As a dad of three, I have tons of embarrassing fatherhood moments. From my youngest yelling “she’s fat!!” as a heavy-set woman ran by our car—while the windows were down—to my Foxy Wife and I rushing our newborn into the emergency room because she hadn’t peed in 24 hours, only to have the doctor tell us to turn the damn heat down in our apartment.
But one embarassing gem stands out and was shared with a couple hundred people on our first family trip to Disneyland. It’s a dad’s rite of passage, where it feels like you have your wallet in a holster and your common sense in a jar at home.
My first two kids were born polar opposites; one loves it quiet and analyzes everything, and the other loves it loud and multi-tasks like a monkey on coke. Then the third one came … “The Beast.”
“The Beast” is like a bull in a china shop—on roller skates—and was three when we hit Mickey’s Crack House. He does what he wants, when he wants. Or at least he tries. Disciplining him is a full-time job for both of us, but he’s also fun as hell.
While the Beast is one big walking ball of testosterone, he gets scared by certain things. So, my wife and I were a little afraid that taking off in an airplane might freak him out. In fact, it had quite a different effect. As we started down runway he started getting excited. Too excited.

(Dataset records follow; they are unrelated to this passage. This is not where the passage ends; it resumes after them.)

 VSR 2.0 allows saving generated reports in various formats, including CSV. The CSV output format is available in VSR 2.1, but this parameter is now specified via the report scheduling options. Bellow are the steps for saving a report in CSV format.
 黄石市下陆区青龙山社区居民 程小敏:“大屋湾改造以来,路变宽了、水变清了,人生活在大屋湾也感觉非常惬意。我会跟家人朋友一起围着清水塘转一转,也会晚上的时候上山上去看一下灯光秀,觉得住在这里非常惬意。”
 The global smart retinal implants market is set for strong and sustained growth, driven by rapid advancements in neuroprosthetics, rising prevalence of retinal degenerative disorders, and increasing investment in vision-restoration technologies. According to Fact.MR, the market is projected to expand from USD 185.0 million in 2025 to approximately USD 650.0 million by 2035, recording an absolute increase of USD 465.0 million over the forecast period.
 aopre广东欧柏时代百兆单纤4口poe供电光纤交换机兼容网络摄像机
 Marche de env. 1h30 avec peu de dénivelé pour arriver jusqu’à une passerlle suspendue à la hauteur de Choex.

His face was beaming and the volume was pinned at 11.
♦◊♦
Just as a plane’s wheels leave the runway and you’re pulled up toward the sky, there’s a silence that falls over everyone on board. Like if we’re quiet, everything will be okay … and no one wants to jinx it.
That’s when “The Beast” made his big discovery.

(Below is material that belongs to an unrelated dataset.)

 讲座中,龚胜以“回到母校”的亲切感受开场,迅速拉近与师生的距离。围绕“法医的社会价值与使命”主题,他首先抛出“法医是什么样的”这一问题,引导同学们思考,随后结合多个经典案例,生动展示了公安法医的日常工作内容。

As the plane pulled and really started its climb, he looked at my wife and me with his big, bucktoothed smile, grabbed his crotch and yelled out in hysterics, “My nuts!! Oh, my nuts!!”

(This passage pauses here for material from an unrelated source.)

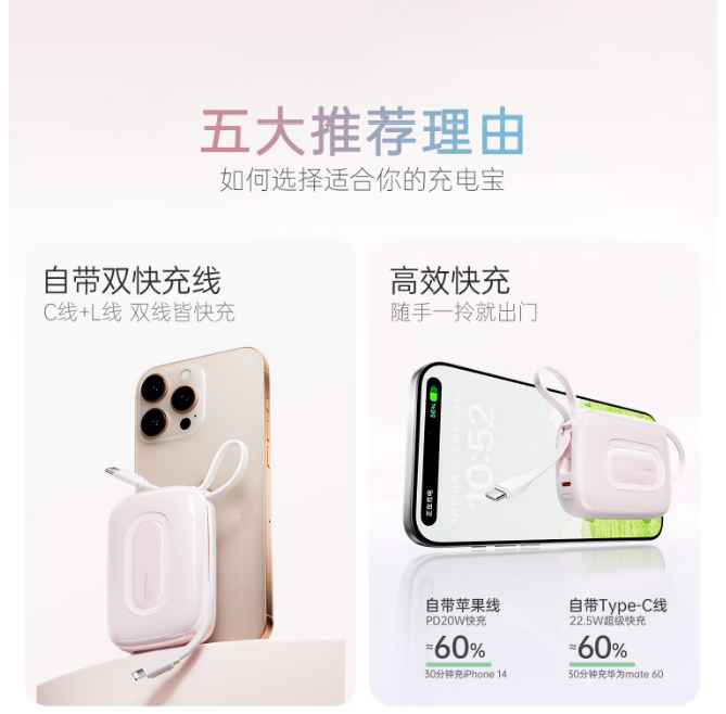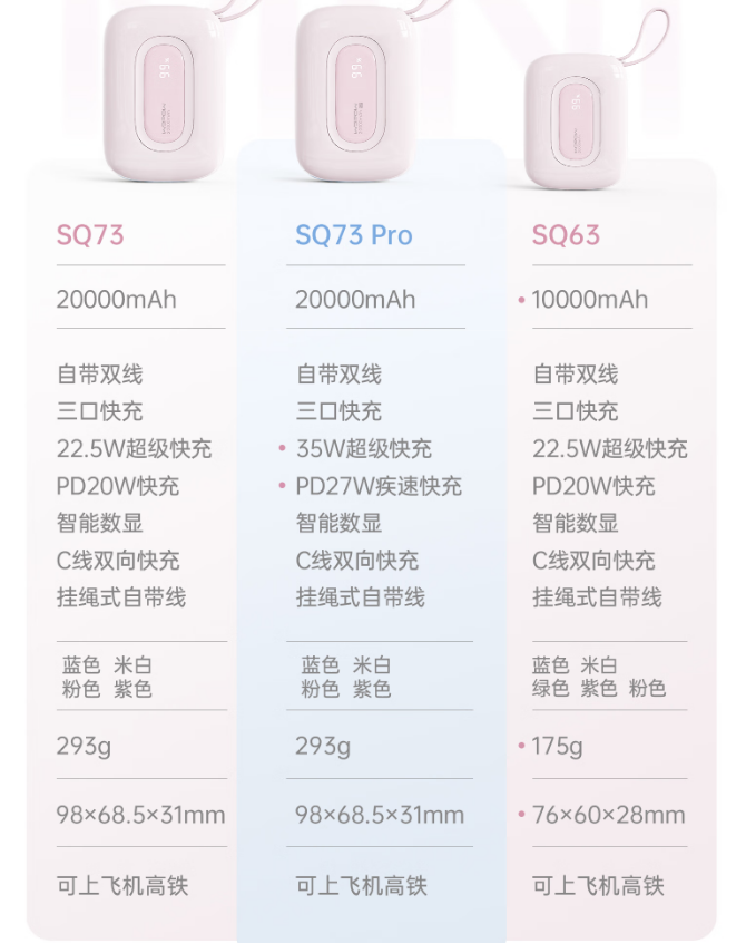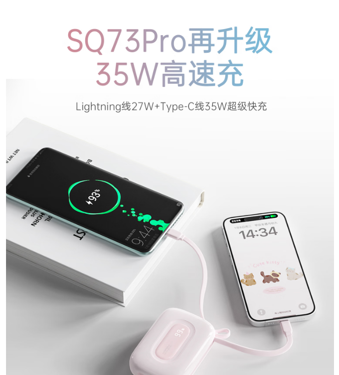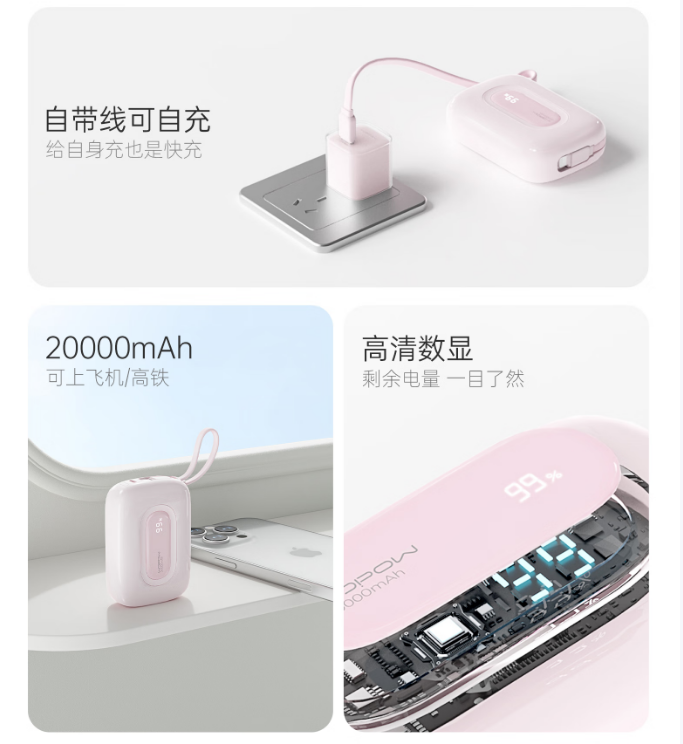 沃品(WOPOW)小彩蛋²快充自带线移动电源20000mAh SQ73Pro (电商款)
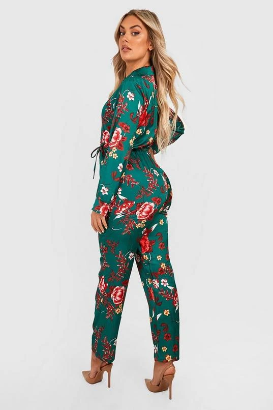 BOOHOO Plus Floral Tie Waist Jumpsuit

This was followed by maniacal laughter.
The first time he said it, we looked at each other and our eyes locked and said, “He didn’t just say that, did he?” The second time he said it we kept our heads down and hoped no one else heard it—although, that would be like no one hearing Judas Priest if they played in your backyard on a Sunday morning.
The third, fourth, and fifth time he said it, we just rolled with the punches and laughed like hell while all eyes were upon us. A huge part of parenting is knowing when to laugh.
The best part was that he did the exact same thing for a whole new audience on the return flight home to a standing-room-only crowd.
Although no one enjoyed the show quite like we did. Even Rob Halford would have been proud.